Richard Johnson, a senior fellow for the Income and Benefits Policy Center at the Urban Institute, also warned Congress risks having to impose more “dramatic” fixes to help protect the program’s solvency if it waits “until it becomes a real crisis.”
“Let’s say we increased taxes 20 years ago, then all that money would be going into the trust fund, and that would have shored up Social Security,” he said. “Now, you know, we’ve lost those 20 years of increased revenues, and so now to make up the difference, we will be able to contribute more.”
But despite ongoing bipartisan talks, many Republicans and Democrats have been far apart in some proposals offered in recent months, with the parties often divided over whether to focus on adjustments to the tax side that pay into the program or drawing down in benefits.
“Eventually, we’re gonna have to address it,” Sen. Tommy Tuberville (R-Ala.) told The Hill on Thursday, but he also doubted the chances of seeing the current Congress take on the insolvency threat.

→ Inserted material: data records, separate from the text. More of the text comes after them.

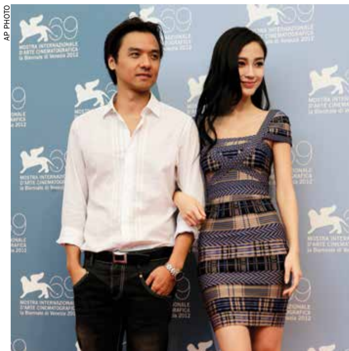
Director Stephen Fung, left, and actress Angelababy Yang poses during the photo call of the movie 'Tai Chi O' at the 69th edition of the Venice Film Festival in Venice, Italy, Friday

The film is set during the dawn of industrialization, but the filmmakers readily mix in high-tech modern touches, including comic book graphics, to introduce chapters and graphic overlays to map the trajectory of the martial arts moves.
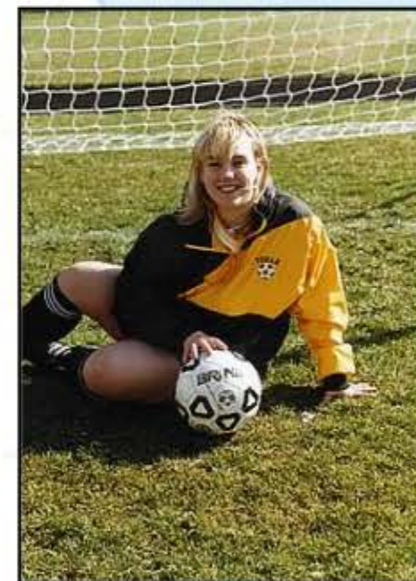
Age 15: Varsity Soccer

Growing up, my parents supported activities I was interested in. My father and I joined Tae Kwon Do together. I have a black belt. My mother and I started to attend a UCC church. They enrolled me in yearly soccer programs. They allowed me to gain my independence by going to summer camps of my choice (band camp and church camp). They listened to hours of me playing the trombone. All of this with patience and grace.
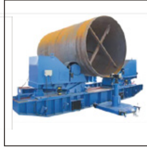
160T 300T 400T ANTI CREEP WELDING ROTATOR
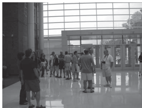
Pictured above are the classes of 1959 and 1979. Below are the graduating classes of 65,67,68,69.
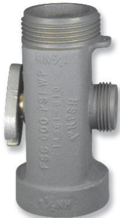
AJ478 Water Thief In-Line Tee Valve

Designed to be installed at intervals in long lines to provide independently controlled outlets for 1" branch lines with full 1/2" waterway. When used in fire-line sprinkler systems, these valves provide the ability to adjust water flow to each sprinkler in the line. Valuable for mop-up work and for filling canteens and back pumps. Meets U.S. Forest Service specifications. 1 1/2" NH x 1" NH. Ship. wt. 2 lbs.
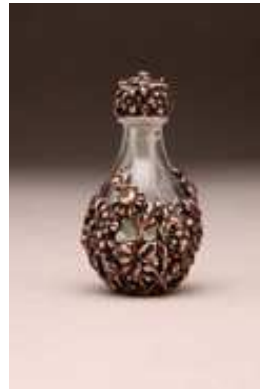
COPPER ITEM# 2012
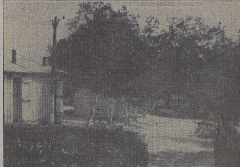
PAYSEUR SERVICE STATION
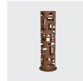
Available in Corten colour
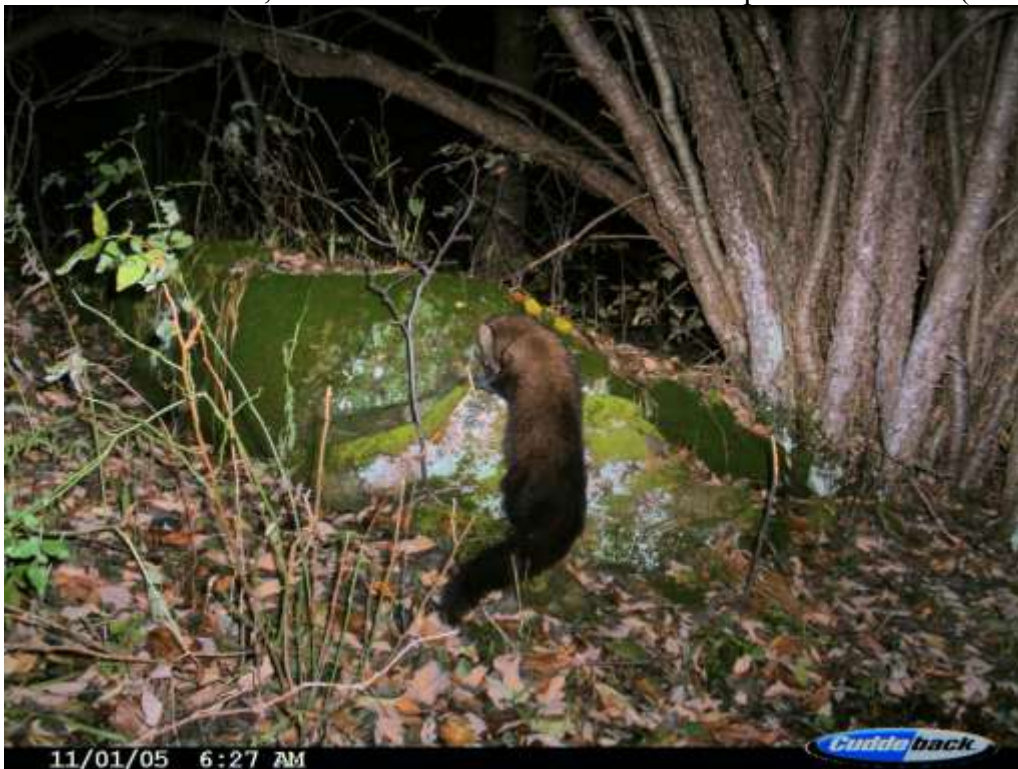
Fig. 10 Martes pennanti (Fisher) Date: 1 November 2005 Location Code: 05CA04 GPS: 44°09'02.8"N, 73°00'07.7"W Habitat: Rock outcrop near old fields (ES14/22)
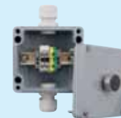
Junction Box FMD(IP67) Art. no. 20069
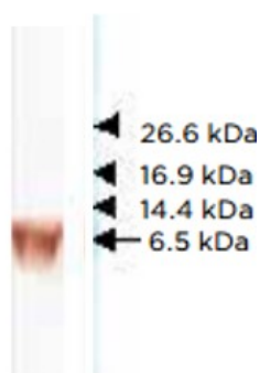
ARG10609 anti-BNP antibody [24C5] WB image

Western blot: Human synthetic BNP stained with ARG10609 anti-BNP antibody [24C5].
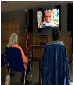
Movie Night featured "The Princess Bride"
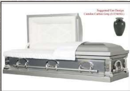
MEMORY SILVER & GRAPHITE CEREMONIAL Cremation Rental, Two Tone Silver & Graphite, White Chalet Crepe Interior $1,995
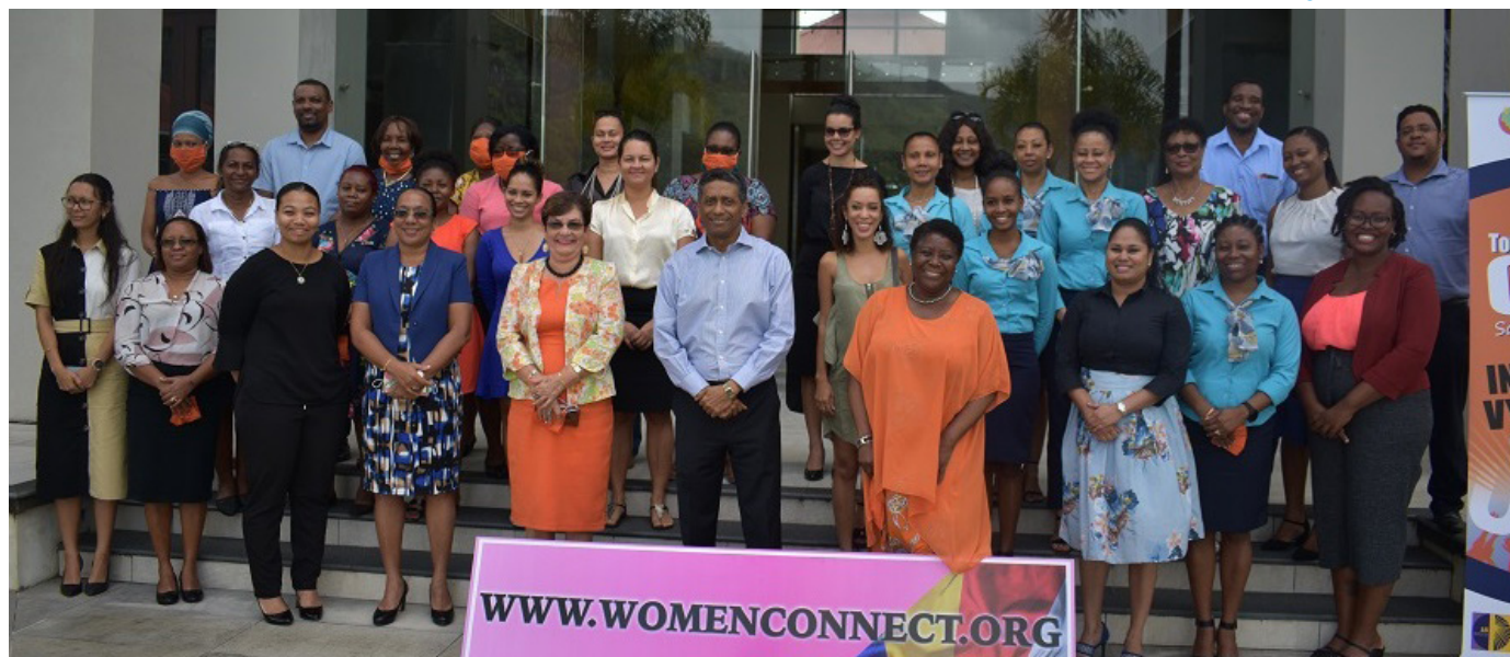
President Danny Faure (centre in blue shirt) participated in the launch

The 50 Million African Women Speak (50MAWSP) platform was on Tuesday 25 August unveiled in Seychelles with the country's President His Excellency Danny Faure urging women to seize the opportunities it will present them to do business. The launch was the first in a COMESA Member State since the onset of the COVID-19 pandemic and was held through a hybrid arrangement where a limited number of local participants gathered physically and were joined virtually by several invited guests.
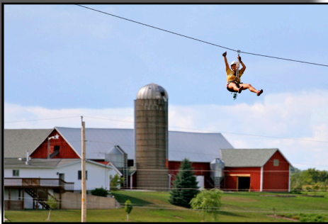
Team Leadership Center, Inc
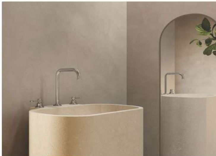
Faro series by CRISTINA Design Lab – © CRISTINA Rubinetterie

Botte by angelettiruzza design is pure balance: a fusion of aesthetics and function that transforms essentiality into poetry. Inspired by nature, its fluid form evokes water droplets and sculpted dunes, with a spout that is a technical masterpiece ensuring seamless integration. More than just a faucet, Botte shapes the bathroom into a space of serenity and self-discovery. A blend of tradition and modernity, it embodies a timeless design with a future-oriented perspective.
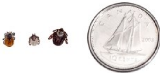
Left to right: Female black legged tick, groundhog tick, dog tick

Ticks are commonly found in tall grass, bushes, wooded areas, urban parks and gardens. There are simple precautions you can take while spending time outdoors.
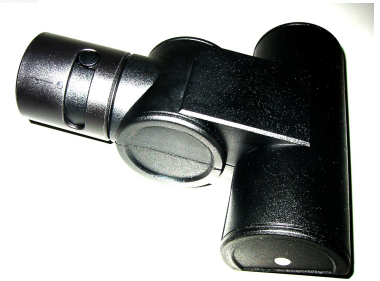
Optional Beater Bar Brush available to meet the EPA RRP requirements.
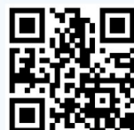
中文授课本科专业详见

英文授课本科专业：土木工程、工商管理、国际经济与贸易、计算机科学与技术、采矿工程、工业工程、机械工程、物流管理
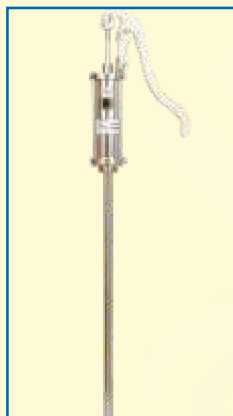
Piston type SS Barrel pump
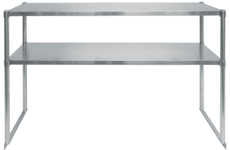
MROS-4RE / MROS-5RE / MROS-6RE
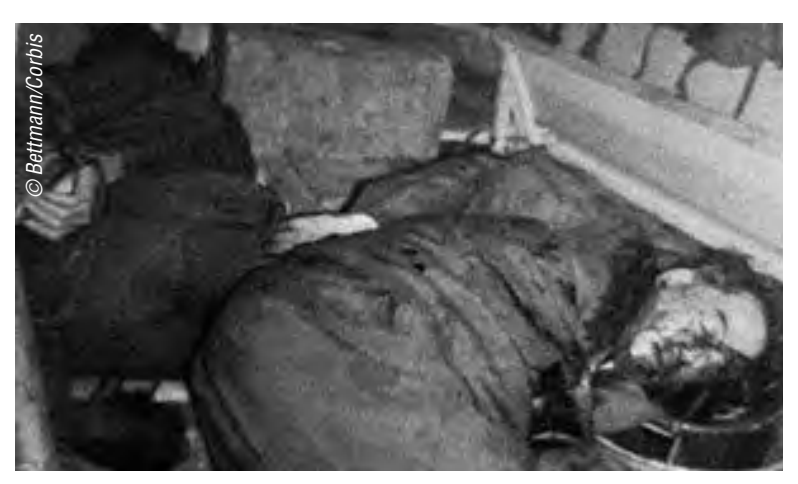
The bodies of Diem (right) and Nhu lie in an armored personnel carrier shortly after they were killed on 2 November 1963.

ment and personnel followed over the next year. This led to near paralysis in government programs in the countryside and to continuing ineffectiveness of the military. Diem, for all his faults, was an unquestioned patriot who had succeeded in maintaining control and creating a functioning—if inefficient—regime. His removal created a crippling vacuum that no one seemed able to fill.
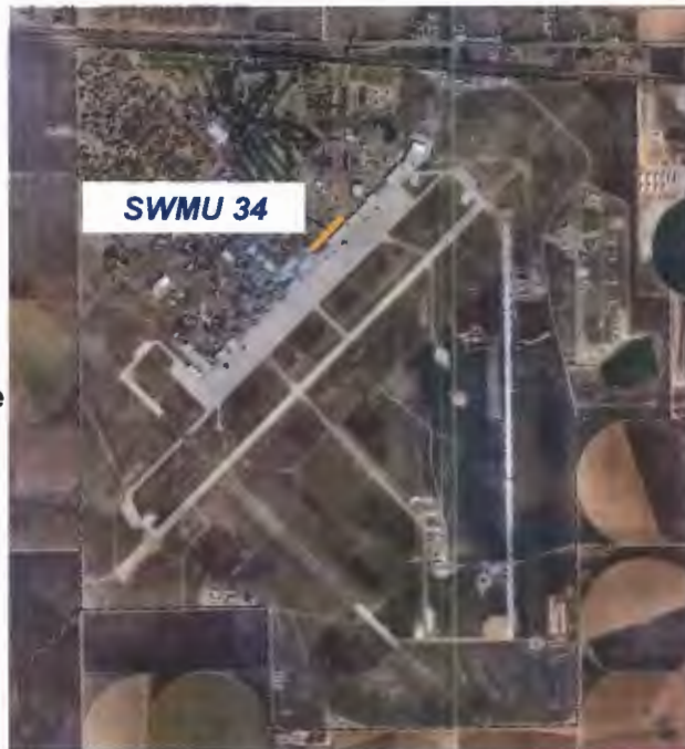
SWMU 34 Site Location At Cannon Air Force Base
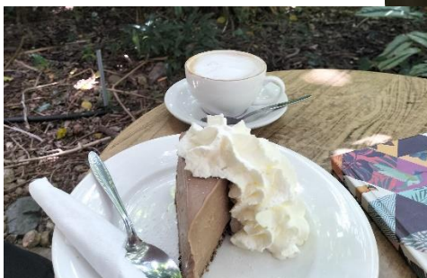
Holiday mode engaged! Enjoying coffee, cake and time to journal at a café in Cairns.
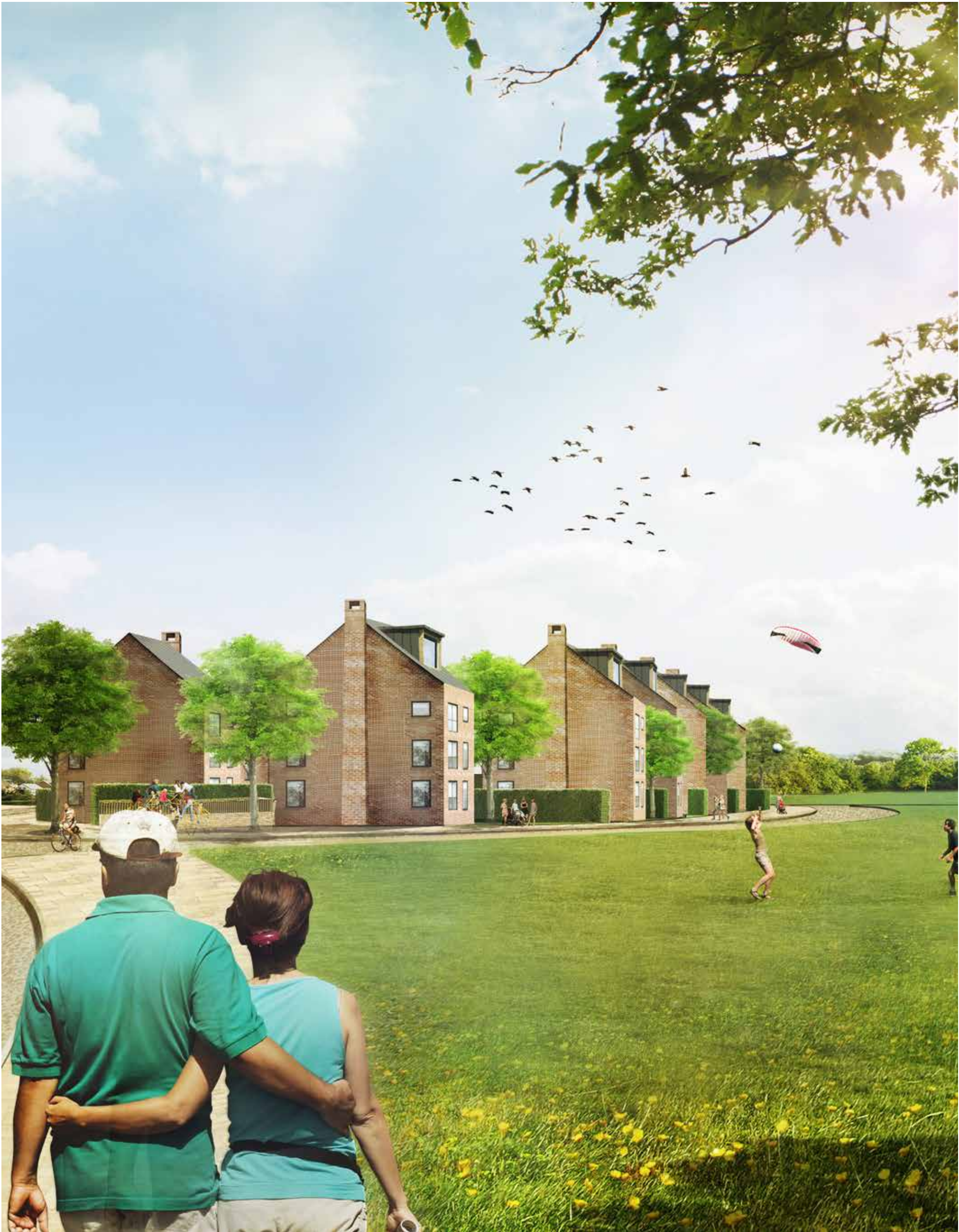
Village 3, frontage to landscape - based upon Illustrative Concept Masterplan
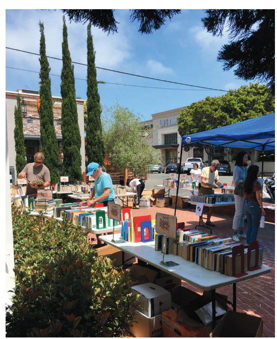
Don't miss our quarterly book sale on Saturday, September 18!
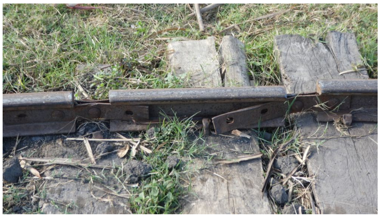
You can probably spot at least 3 things they got wrong here!

The state of the track has raised a comment or two. I think we need a new category of bad joints along with the existing category of bad track. Here's a classic.
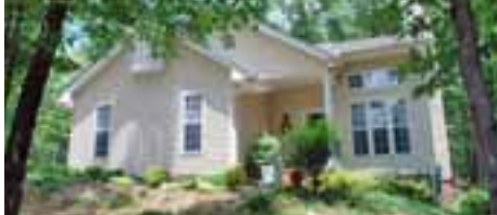
MLS 1094735 - 215 Shadow Rock, Monteagle. $175,000
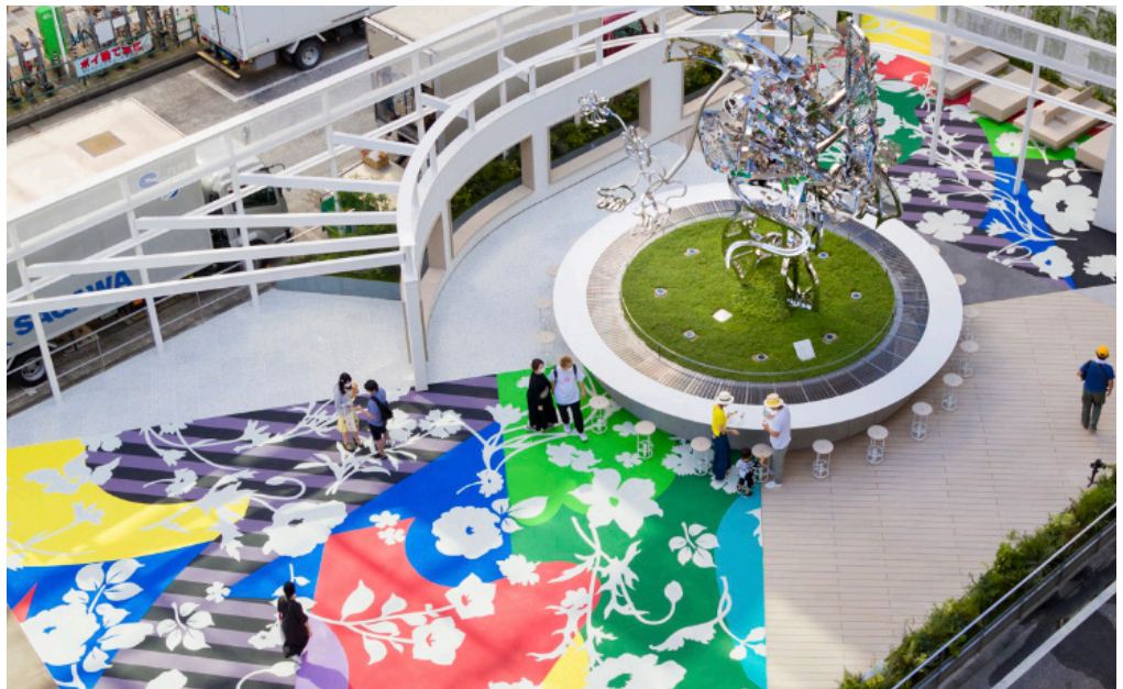
Tomokazu Matsuyama, Public Mural and Installation at JR SHINJUKU STATION EAST SQUARE, 2020
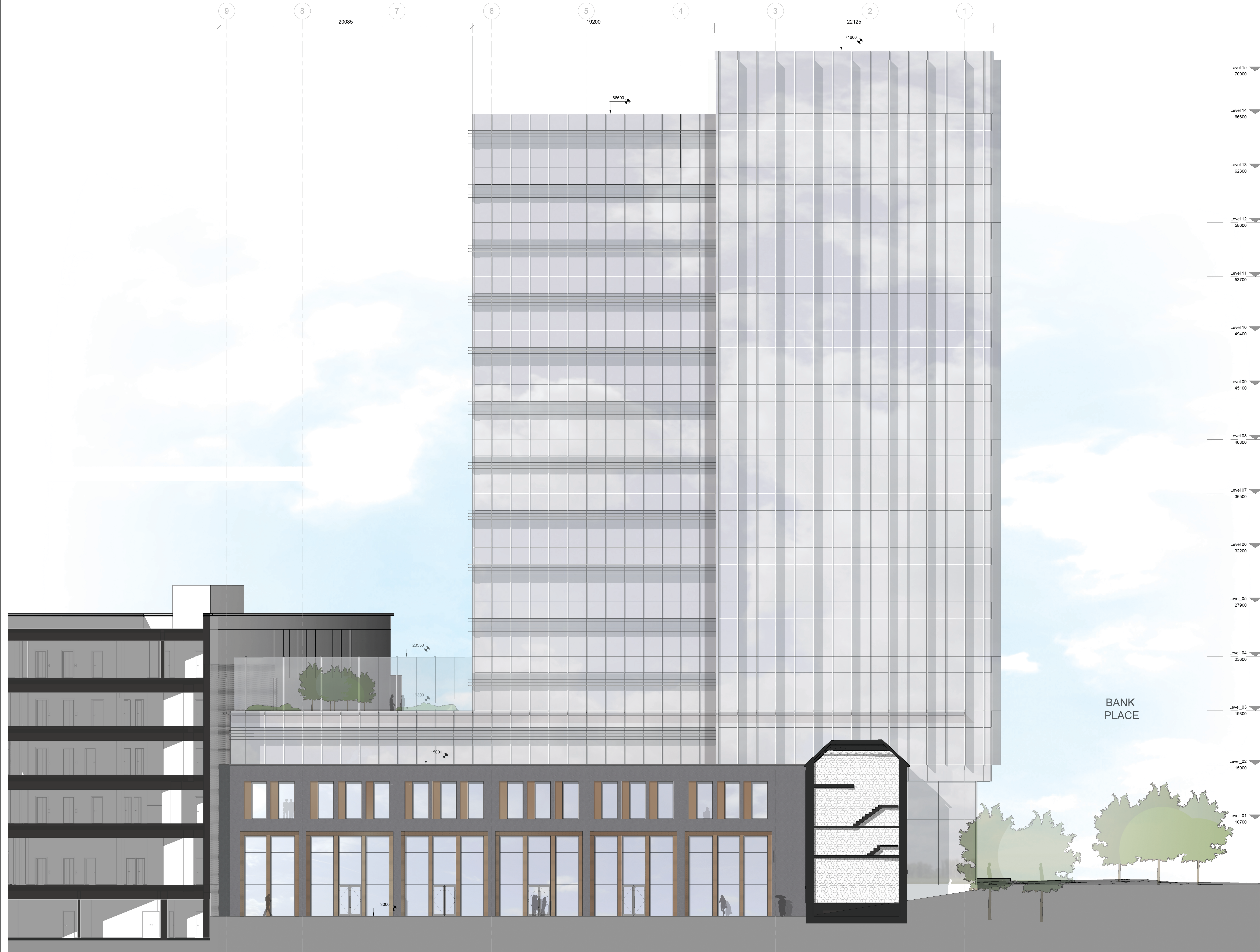
1 | East Elevation SCALE: 1 : 100

For Site Levels refer to Landscape Architects Drawings All levels referenced to Malin Head Datum KEY PLAN
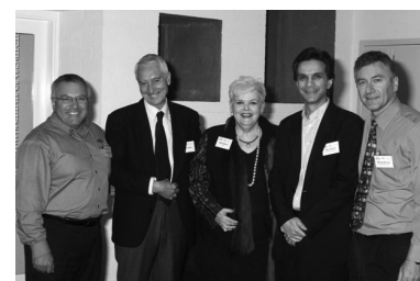
Above: Snapshots from the opening of the WA Chapter's newly purchased, heritage-listed premises at Nedlands.

the "Which Way?" conference. At its November meeting the National Council endorsed two new policies on Heritage Conservation and Universal Access, which are now available online. In the schedule of new policies to be presented at every National Council meeting, Sustainability and OH&S are planned for March 2008.
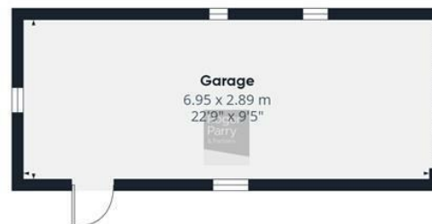
Ground floor Building 2
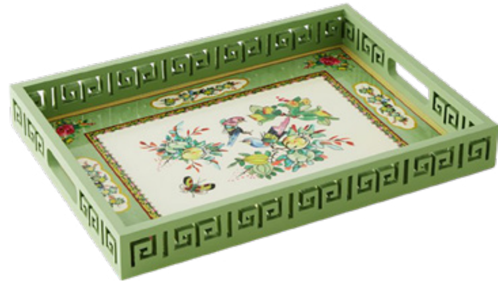
Williams Sonoma Familie Rose Tray $217.95 CAD

Hand-painted with a golden rim, this bunny portrait plate can be used as a trinket tray, appetizers plate, or even a soap dish.
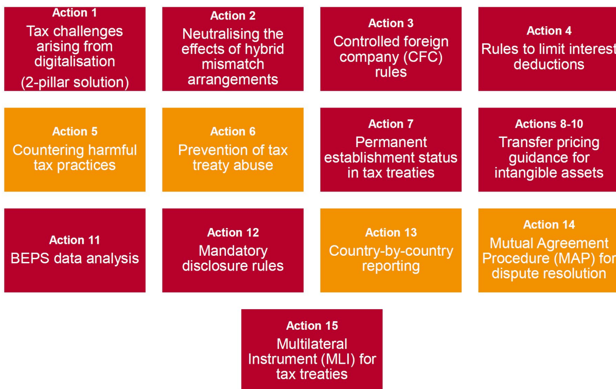
Figure 1: BEPS Action Plan

Note: Minimum standards that all Inclusive Framework member countries need to fulfil are in orange.
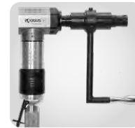
Crank arm with double feed stroke
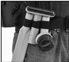
Accessory loops keep tools handy while operating
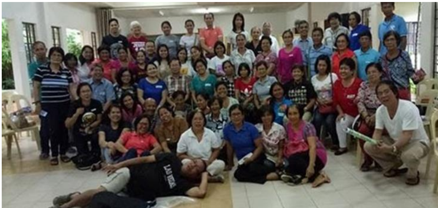
63 participants, BEC Coordinators, Animators & Organizers

Sen. Markwayne Mullin (R-Okla.), who was elected last year, shared a similar outlook in remarks on Thursday, suggesting Congress is more likely to “wait until the deadline” than act sooner, while also forecasting the impact the coming presidential cycle could have on the political climate.
In addition to Democrats pouncing on the issue in recent months, former President Trump, who is again vying for the Oval Office, has also put pressure on Republicans to avoid touching entitlements, while additionally hitting at GOP competitors for proposed cuts.
“You got two years here that you’re going to have a presidential election,” Mullin said. “And I imagine this will be brought up, because it always is.”
“And anytime it’s politicized, there isn’t going to be a solution,” he said, adding: “I’d hoped we’d set political differences aside and just find a solution to it, but we’ll probably wait until 2031 to actually get serious about fixing it.”